§ Task prompt
Your result should be every line of the records below that contains the word "does".

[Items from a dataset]

────────────────

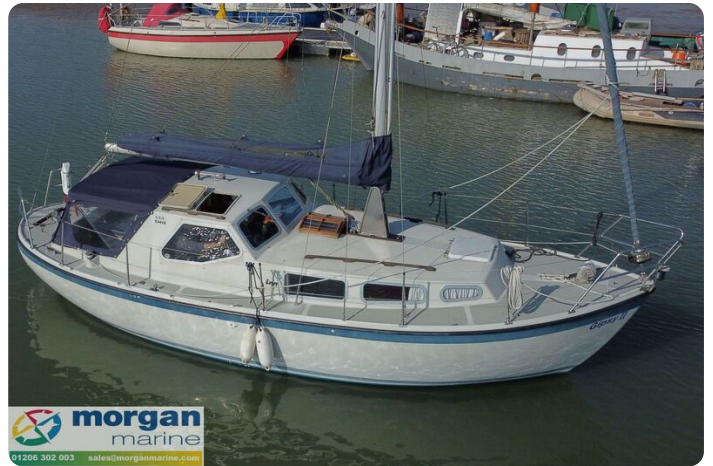
LM 27 Motor Sailer - deck
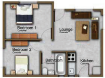
45m 2 2 bedroom 1 bathroom
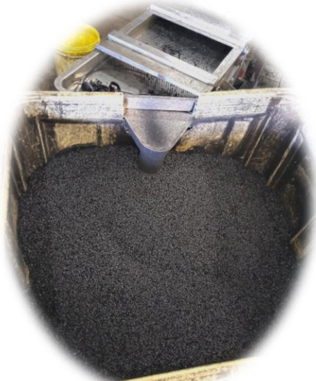
5. Pelletising extruded HDPE plastic
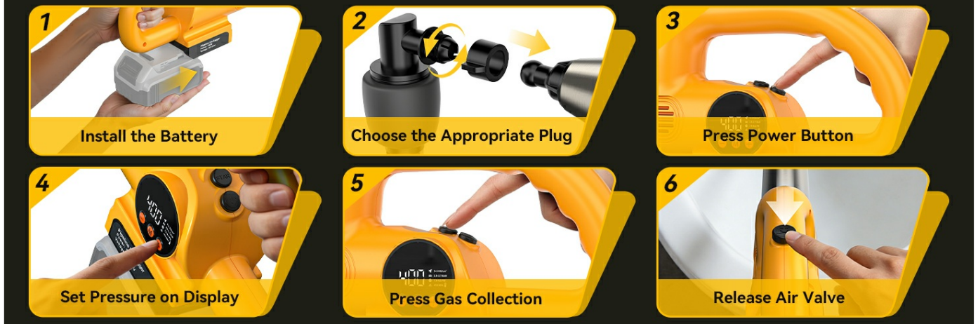
Figure 6: Step-by-step operation for unclogging.

Your browser does not support the video tag.
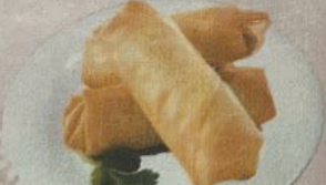
(M) 素食春卷 Vegetarian Spring Rolls
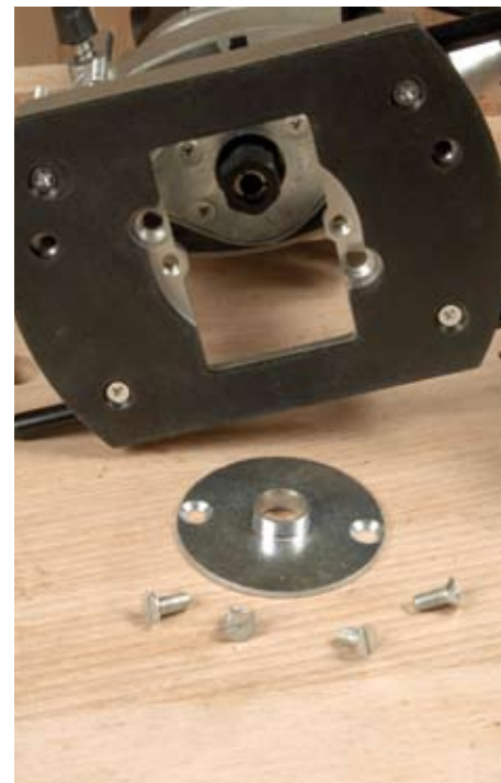
The guidebush is a Trend standard fitting

“The big question is: does it live up to being used as a professional lightweight machine?”
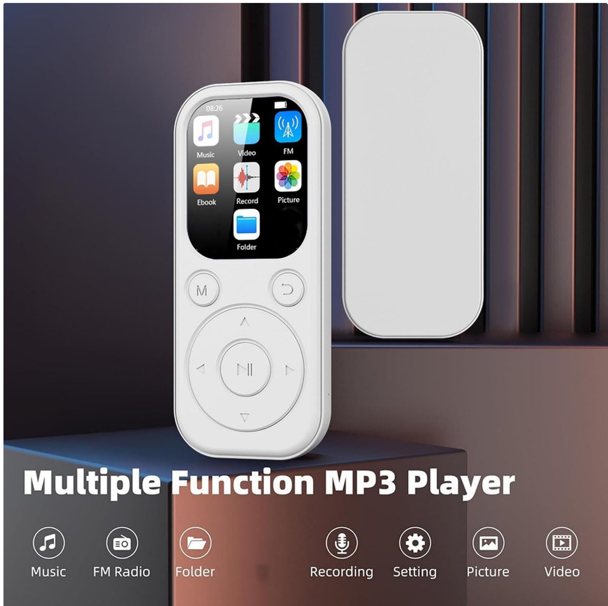
Image: Front view of the Yoidesu MP3 Player displaying its main menu interface with various function icons.
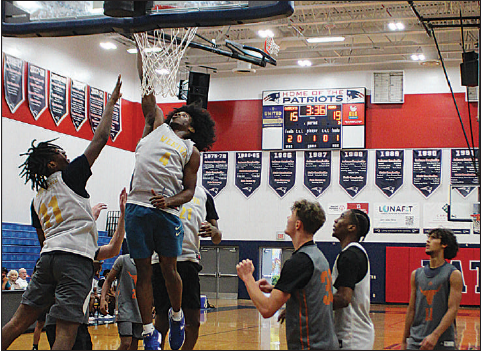
A Wekiva player goes up for a putback bucket during a summer game at Lake Brantley High School's gymnasium.
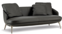
02 RAPHAEL SOFA CM 192X91 H88
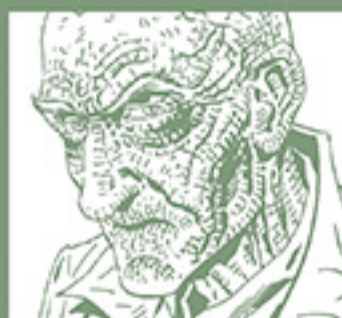
THE OLD MAN Gangster. Weary. Deceased.
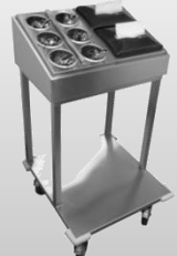
E1-FTA-1V Flat Top Adapter

────────────────

§ Exercise response
Your browser does not support the video tag.
“The big question is: does it live up to being used as a professional lightweight machine?”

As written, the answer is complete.